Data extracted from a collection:
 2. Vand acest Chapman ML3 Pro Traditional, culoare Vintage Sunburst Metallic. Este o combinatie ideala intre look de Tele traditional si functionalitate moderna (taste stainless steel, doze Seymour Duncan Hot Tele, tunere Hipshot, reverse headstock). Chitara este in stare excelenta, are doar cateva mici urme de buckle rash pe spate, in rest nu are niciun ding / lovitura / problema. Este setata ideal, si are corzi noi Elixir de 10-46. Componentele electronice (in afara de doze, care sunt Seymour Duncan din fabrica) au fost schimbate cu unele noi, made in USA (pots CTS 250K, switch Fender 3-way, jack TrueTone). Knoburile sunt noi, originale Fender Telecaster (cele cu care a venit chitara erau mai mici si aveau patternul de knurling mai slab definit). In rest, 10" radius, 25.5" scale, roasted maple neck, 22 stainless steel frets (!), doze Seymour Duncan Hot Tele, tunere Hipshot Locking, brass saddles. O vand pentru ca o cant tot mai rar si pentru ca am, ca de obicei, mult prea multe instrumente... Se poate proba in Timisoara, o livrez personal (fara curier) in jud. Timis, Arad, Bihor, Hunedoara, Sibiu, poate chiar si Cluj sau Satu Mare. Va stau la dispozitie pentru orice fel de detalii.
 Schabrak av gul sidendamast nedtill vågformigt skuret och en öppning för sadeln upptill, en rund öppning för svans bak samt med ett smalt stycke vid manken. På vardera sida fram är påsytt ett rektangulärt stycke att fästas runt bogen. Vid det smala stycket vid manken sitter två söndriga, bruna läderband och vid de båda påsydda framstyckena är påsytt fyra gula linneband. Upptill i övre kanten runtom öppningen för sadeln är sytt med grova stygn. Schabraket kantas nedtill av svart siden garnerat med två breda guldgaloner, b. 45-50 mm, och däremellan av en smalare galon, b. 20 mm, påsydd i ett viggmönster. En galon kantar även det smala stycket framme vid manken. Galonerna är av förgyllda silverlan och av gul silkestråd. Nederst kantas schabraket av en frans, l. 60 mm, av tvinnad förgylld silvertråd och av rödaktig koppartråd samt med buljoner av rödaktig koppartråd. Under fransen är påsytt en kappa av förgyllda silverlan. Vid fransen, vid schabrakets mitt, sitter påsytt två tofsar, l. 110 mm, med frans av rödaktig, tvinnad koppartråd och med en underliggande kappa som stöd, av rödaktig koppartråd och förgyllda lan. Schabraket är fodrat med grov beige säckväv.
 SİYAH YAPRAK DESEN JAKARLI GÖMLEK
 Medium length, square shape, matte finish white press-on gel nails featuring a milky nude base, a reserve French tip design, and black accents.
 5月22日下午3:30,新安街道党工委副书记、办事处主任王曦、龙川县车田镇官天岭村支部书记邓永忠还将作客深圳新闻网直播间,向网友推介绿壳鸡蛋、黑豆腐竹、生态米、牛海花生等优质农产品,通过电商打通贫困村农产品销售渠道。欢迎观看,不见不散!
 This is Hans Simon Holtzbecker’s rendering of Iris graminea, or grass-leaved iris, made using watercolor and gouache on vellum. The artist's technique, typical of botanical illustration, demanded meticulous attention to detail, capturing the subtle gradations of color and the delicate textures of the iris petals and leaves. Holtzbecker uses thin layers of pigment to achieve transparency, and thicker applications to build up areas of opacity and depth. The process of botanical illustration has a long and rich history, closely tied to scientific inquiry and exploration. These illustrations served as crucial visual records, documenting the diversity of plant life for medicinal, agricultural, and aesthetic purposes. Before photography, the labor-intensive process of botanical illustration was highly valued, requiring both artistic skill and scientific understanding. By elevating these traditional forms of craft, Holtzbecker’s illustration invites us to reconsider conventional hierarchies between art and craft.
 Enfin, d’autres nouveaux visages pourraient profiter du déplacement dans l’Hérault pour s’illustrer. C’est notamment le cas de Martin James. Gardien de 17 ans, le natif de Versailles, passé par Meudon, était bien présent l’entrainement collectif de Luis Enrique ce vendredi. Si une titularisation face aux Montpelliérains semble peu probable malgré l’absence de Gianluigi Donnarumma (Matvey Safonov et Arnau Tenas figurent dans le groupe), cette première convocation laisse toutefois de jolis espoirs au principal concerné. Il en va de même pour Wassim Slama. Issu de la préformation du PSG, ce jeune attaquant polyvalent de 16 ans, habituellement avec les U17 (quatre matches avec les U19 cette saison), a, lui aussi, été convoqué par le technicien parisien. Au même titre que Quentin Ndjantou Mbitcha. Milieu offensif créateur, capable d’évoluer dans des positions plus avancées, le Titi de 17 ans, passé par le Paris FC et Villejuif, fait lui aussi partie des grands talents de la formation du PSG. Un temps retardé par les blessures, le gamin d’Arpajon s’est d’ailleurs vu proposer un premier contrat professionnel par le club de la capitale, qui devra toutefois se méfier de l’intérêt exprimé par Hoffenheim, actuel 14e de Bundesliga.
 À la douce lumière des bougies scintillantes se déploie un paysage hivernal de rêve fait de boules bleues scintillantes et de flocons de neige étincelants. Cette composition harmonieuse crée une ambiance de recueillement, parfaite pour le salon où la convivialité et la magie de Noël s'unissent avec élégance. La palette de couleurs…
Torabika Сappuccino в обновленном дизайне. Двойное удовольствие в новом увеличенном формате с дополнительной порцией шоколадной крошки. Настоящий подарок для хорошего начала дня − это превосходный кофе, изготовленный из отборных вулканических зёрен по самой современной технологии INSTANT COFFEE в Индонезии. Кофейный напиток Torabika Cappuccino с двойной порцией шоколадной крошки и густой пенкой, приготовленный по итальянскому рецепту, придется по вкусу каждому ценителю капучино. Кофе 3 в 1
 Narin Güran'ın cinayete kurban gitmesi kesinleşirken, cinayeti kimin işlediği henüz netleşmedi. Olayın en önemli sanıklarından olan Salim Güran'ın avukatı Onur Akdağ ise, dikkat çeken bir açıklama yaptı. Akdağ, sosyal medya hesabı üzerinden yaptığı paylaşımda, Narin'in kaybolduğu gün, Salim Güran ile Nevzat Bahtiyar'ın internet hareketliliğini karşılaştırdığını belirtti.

Work required =>
Nothing in the data may be left out. Copy all of it exactly.

Response for this exercise =>
 2. Vand acest Chapman ML3 Pro Traditional, culoare Vintage Sunburst Metallic. Este o combinatie ideala intre look de Tele traditional si functionalitate moderna (taste stainless steel, doze Seymour Duncan Hot Tele, tunere Hipshot, reverse headstock). Chitara este in stare excelenta, are doar cateva mici urme de buckle rash pe spate, in rest nu are niciun ding / lovitura / problema. Este setata ideal, si are corzi noi Elixir de 10-46. Componentele electronice (in afara de doze, care sunt Seymour Duncan din fabrica) au fost schimbate cu unele noi, made in USA (pots CTS 250K, switch Fender 3-way, jack TrueTone). Knoburile sunt noi, originale Fender Telecaster (cele cu care a venit chitara erau mai mici si aveau patternul de knurling mai slab definit). In rest, 10" radius, 25.5" scale, roasted maple neck, 22 stainless steel frets (!), doze Seymour Duncan Hot Tele, tunere Hipshot Locking, brass saddles. O vand pentru ca o cant tot mai rar si pentru ca am, ca de obicei, mult prea multe instrumente... Se poate proba in Timisoara, o livrez personal (fara curier) in jud. Timis, Arad, Bihor, Hunedoara, Sibiu, poate chiar si Cluj sau Satu Mare. Va stau la dispozitie pentru orice fel de detalii.
 Schabrak av gul sidendamast nedtill vågformigt skuret och en öppning för sadeln upptill, en rund öppning för svans bak samt med ett smalt stycke vid manken. På vardera sida fram är påsytt ett rektangulärt stycke att fästas runt bogen. Vid det smala stycket vid manken sitter två söndriga, bruna läderband och vid de båda påsydda framstyckena är påsytt fyra gula linneband. Upptill i övre kanten runtom öppningen för sadeln är sytt med grova stygn. Schabraket kantas nedtill av svart siden garnerat med två breda guldgaloner, b. 45-50 mm, och däremellan av en smalare galon, b. 20 mm, påsydd i ett viggmönster. En galon kantar även det smala stycket framme vid manken. Galonerna är av förgyllda silverlan och av gul silkestråd. Nederst kantas schabraket av en frans, l. 60 mm, av tvinnad förgylld silvertråd och av rödaktig koppartråd samt med buljoner av rödaktig koppartråd. Under fransen är påsytt en kappa av förgyllda silverlan. Vid fransen, vid schabrakets mitt, sitter påsytt två tofsar, l. 110 mm, med frans av rödaktig, tvinnad koppartråd och med en underliggande kappa som stöd, av rödaktig koppartråd och förgyllda lan. Schabraket är fodrat med grov beige säckväv.
 SİYAH YAPRAK DESEN JAKARLI GÖMLEK
 Medium length, square shape, matte finish white press-on gel nails featuring a milky nude base, a reserve French tip design, and black accents.
 5月22日下午3:30,新安街道党工委副书记、办事处主任王曦、龙川县车田镇官天岭村支部书记邓永忠还将作客深圳新闻网直播间,向网友推介绿壳鸡蛋、黑豆腐竹、生态米、牛海花生等优质农产品,通过电商打通贫困村农产品销售渠道。欢迎观看,不见不散!
 This is Hans Simon Holtzbecker’s rendering of Iris graminea, or grass-leaved iris, made using watercolor and gouache on vellum. The artist's technique, typical of botanical illustration, demanded meticulous attention to detail, capturing the subtle gradations of color and the delicate textures of the iris petals and leaves. Holtzbecker uses thin layers of pigment to achieve transparency, and thicker applications to build up areas of opacity and depth. The process of botanical illustration has a long and rich history, closely tied to scientific inquiry and exploration. These illustrations served as crucial visual records, documenting the diversity of plant life for medicinal, agricultural, and aesthetic purposes. Before photography, the labor-intensive process of botanical illustration was highly valued, requiring both artistic skill and scientific understanding. By elevating these traditional forms of craft, Holtzbecker’s illustration invites us to reconsider conventional hierarchies between art and craft.
 Enfin, d’autres nouveaux visages pourraient profiter du déplacement dans l’Hérault pour s’illustrer. C’est notamment le cas de Martin James. Gardien de 17 ans, le natif de Versailles, passé par Meudon, était bien présent l’entrainement collectif de Luis Enrique ce vendredi. Si une titularisation face aux Montpelliérains semble peu probable malgré l’absence de Gianluigi Donnarumma (Matvey Safonov et Arnau Tenas figurent dans le groupe), cette première convocation laisse toutefois de jolis espoirs au principal concerné. Il en va de même pour Wassim Slama. Issu de la préformation du PSG, ce jeune attaquant polyvalent de 16 ans, habituellement avec les U17 (quatre matches avec les U19 cette saison), a, lui aussi, été convoqué par le technicien parisien. Au même titre que Quentin Ndjantou Mbitcha. Milieu offensif créateur, capable d’évoluer dans des positions plus avancées, le Titi de 17 ans, passé par le Paris FC et Villejuif, fait lui aussi partie des grands talents de la formation du PSG. Un temps retardé par les blessures, le gamin d’Arpajon s’est d’ailleurs vu proposer un premier contrat professionnel par le club de la capitale, qui devra toutefois se méfier de l’intérêt exprimé par Hoffenheim, actuel 14e de Bundesliga.
 À la douce lumière des bougies scintillantes se déploie un paysage hivernal de rêve fait de boules bleues scintillantes et de flocons de neige étincelants. Cette composition harmonieuse crée une ambiance de recueillement, parfaite pour le salon où la convivialité et la magie de Noël s'unissent avec élégance. La palette de couleurs…
Torabika Сappuccino в обновленном дизайне. Двойное удовольствие в новом увеличенном формате с дополнительной порцией шоколадной крошки. Настоящий подарок для хорошего начала дня − это превосходный кофе, изготовленный из отборных вулканических зёрен по самой современной технологии INSTANT COFFEE в Индонезии. Кофейный напиток Torabika Cappuccino с двойной порцией шоколадной крошки и густой пенкой, приготовленный по итальянскому рецепту, придется по вкусу каждому ценителю капучино. Кофе 3 в 1
 Narin Güran'ın cinayete kurban gitmesi kesinleşirken, cinayeti kimin işlediği henüz netleşmedi. Olayın en önemli sanıklarından olan Salim Güran'ın avukatı Onur Akdağ ise, dikkat çeken bir açıklama yaptı. Akdağ, sosyal medya hesabı üzerinden yaptığı paylaşımda, Narin'in kaybolduğu gün, Salim Güran ile Nevzat Bahtiyar'ın internet hareketliliğini karşılaştırdığını belirtti.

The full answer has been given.